# Logistic PCA

`logisticPCA` is an R package for dimensionality reduction of binary data. Please note that it is still in the very early stages of development and the conventions will possibly change in the future. A manuscript describing logistic PCA can be found here. ## Installation

To install R, visit r-project.org/.

``install.packages("logisticPCA")``

To install the development version, first install `devtools` from CRAN. Then run the following commands.

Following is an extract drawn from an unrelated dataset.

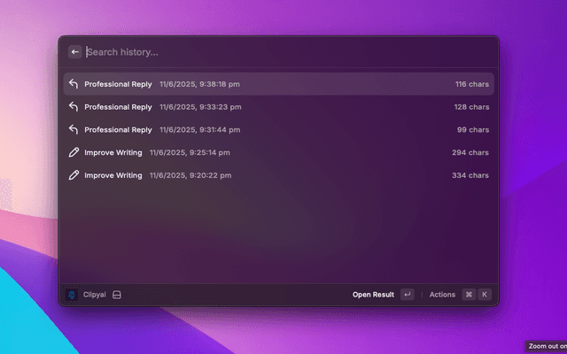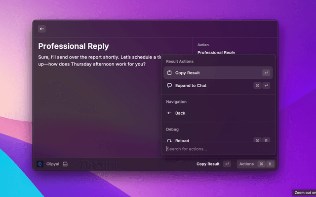 A powerful Raycast extension that brings AI-powered clipboard enhancement to your workflow. ClipyAI seamlessly integrates with OpenAI's GPT models to help you process both text and images directly from your clipboard.
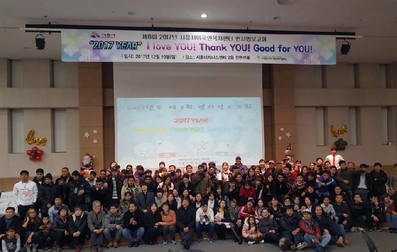 [미디어타임즈= 이옥수 기자] 시흥시외국인복지센터(센터장 이중교)는 지난 10일 시흥비즈니스센터 컨벤션홀에서 국가별 공동체 회원 및 센터이용자 등 300여 명이 참여한 가운데 ‘I love you, Thank you, Good for you' 라는 슬로건으로 2017년 시흥시외국인복지센터 연사업보고회를 개최했다.

``````# install.packages("devtools")
library("devtools")
install_github("andland/logisticPCA")``````

## Classes

Three types of dimensionality reduction are given. For all the functions, the user must supply the desired dimension `k`. The data must be an `n x d` matrix comprised of binary variables (i.e. all `0`'s and `1`'s).

### Logistic PCA

`logisticPCA()` estimates the natural parameters of a Bernoulli distribution in a lower dimensional space. This is done by projecting the natural parameters from the saturated model. A rank-`k` projection matrix, or equivalently a `d x k` orthogonal matrix `U`, is solved for to minimize the Bernoulli deviance. Since the natural parameters from the saturated model are either negative or positive infinity, an additional tuning parameter `m` is needed to approximate them. You can use `cv.lpca()` to select `m` by cross validation. Typical values are in the range of `3` to `10`.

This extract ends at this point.